In my game there are a lot of different building blocks that player can place. During placement I would like have them 50% transparent (or anything else that looks similar). I know how to make it in general, but I have a lot of such blocks and changing material in each of them is huge pain. Moreover sometimes they are updated, so I will have to repeat process.

Is there any way to make static transparent without changing material? Like material that accepts another material as parameter? I know there are material functions but it still requires changing original material.

For example, let say I have SM_Chair, SM_Couch, SM_TableRound, SM_Shelf from Starter Content. Is it possible to make them transparent without changing their original material?
If it is not possible what is easiest way to do it with minimal changes?
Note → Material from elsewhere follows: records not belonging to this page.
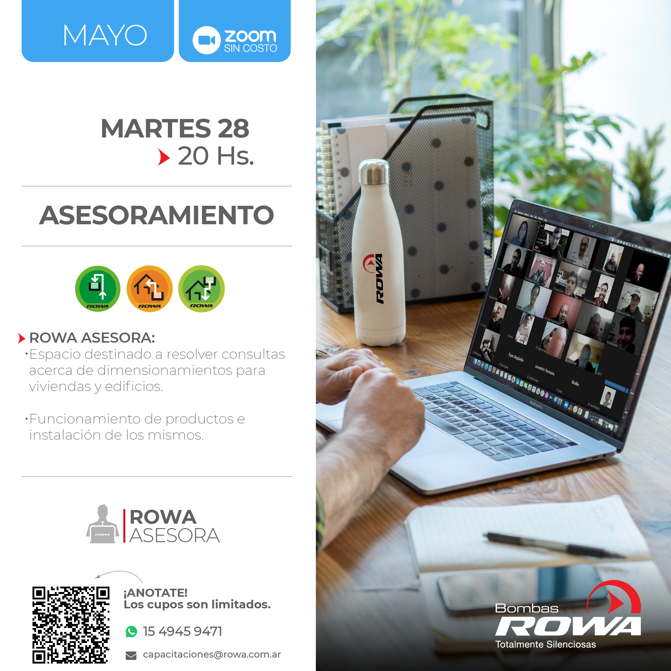 Envianos un mensaje solicitando la inscripción al primer RowaAsesora del año por ZOOM SIN COSTO!
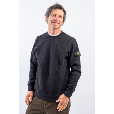 Felpa girocollo realizzata in jersey di cotone 100%. Scollo, fondo e polsini arricchiti da una lavorazione a costine elasticizzate. Vestibilità regular.
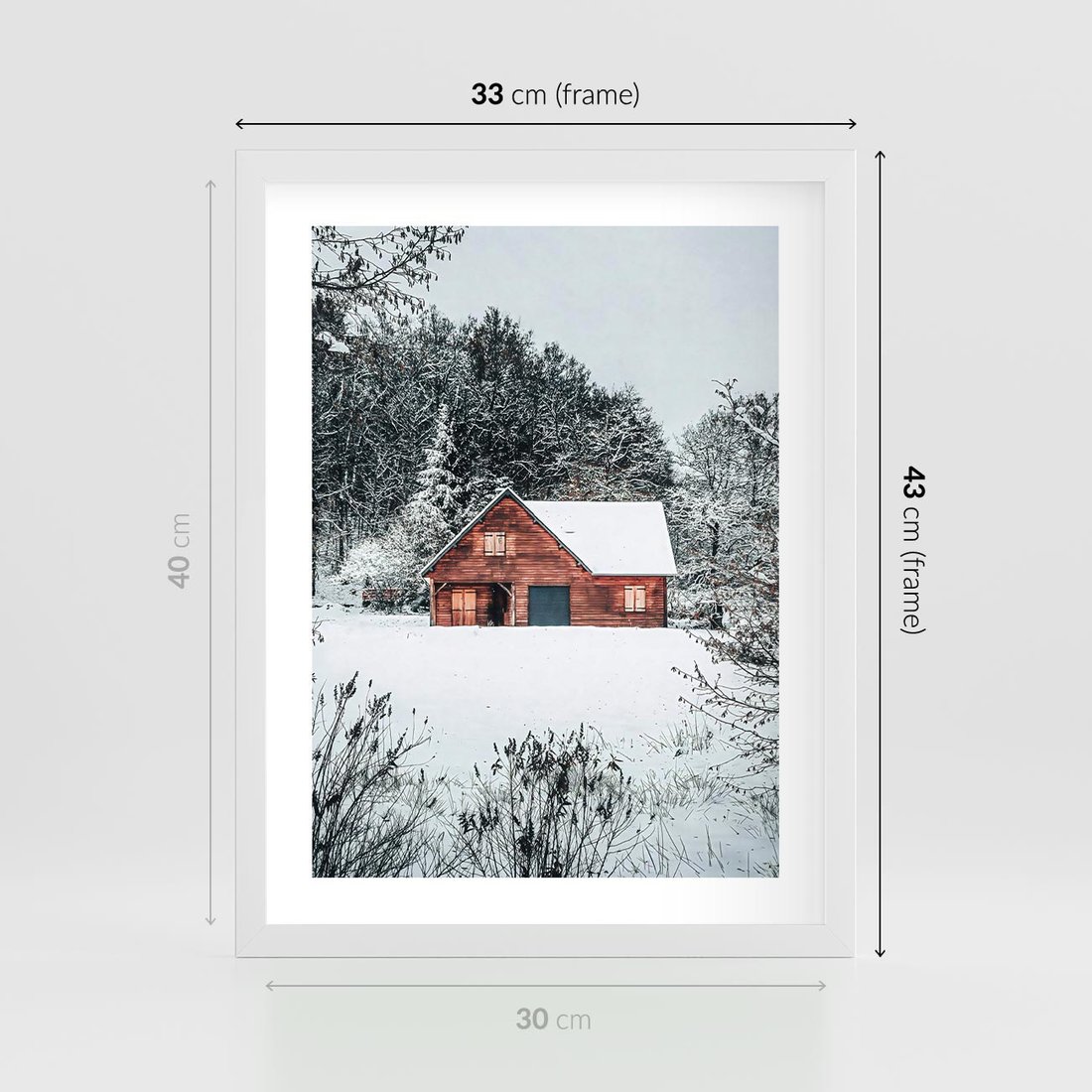 - Plakat w ramie 30x40 - Domek w Górach Pokryty Śniegiem

I did spend two days on this but unfortunately words “transparency”, “material” and “static meshes” are too general and I couldn’t find anything.

I will appreciate any help!

Well probably I can partially answer my own question. Looks like materials are expensive and number of materials used should be minimized. It reduced area of change as anyway I had to merge many materials in one.

Wrong. Draw calls are expensive. Not materials. Use forward rendered translucency for convincing half transparency. Also its impossible as it requires changing the shading model AND blend mode.

You could build the master material as a masked material and then use this here:

https://forums.unrealengine.com/development-discussion/rendering/102374-making-your-materials-transparent-without-transclucency?129792-Making-your-materials-transparent-without-Transclucency=

cost will still depend on number of draw-calls.which is linked to # of items.
No getting around that particular part… other then Actor Merging.

Could you please provide details about forward rendered translucency? I tried to find something, but most of the time it is something about VR or some really old article.

Simply put, its rendered like a forward rendering material (and comes with the restrictions of one), but works as translucency. Highest quality, poor performance. That or dither TAA while hacking out the dither pattern (Whoever put that there has no idea what they are doing) and cranking up the taa filter size via console command.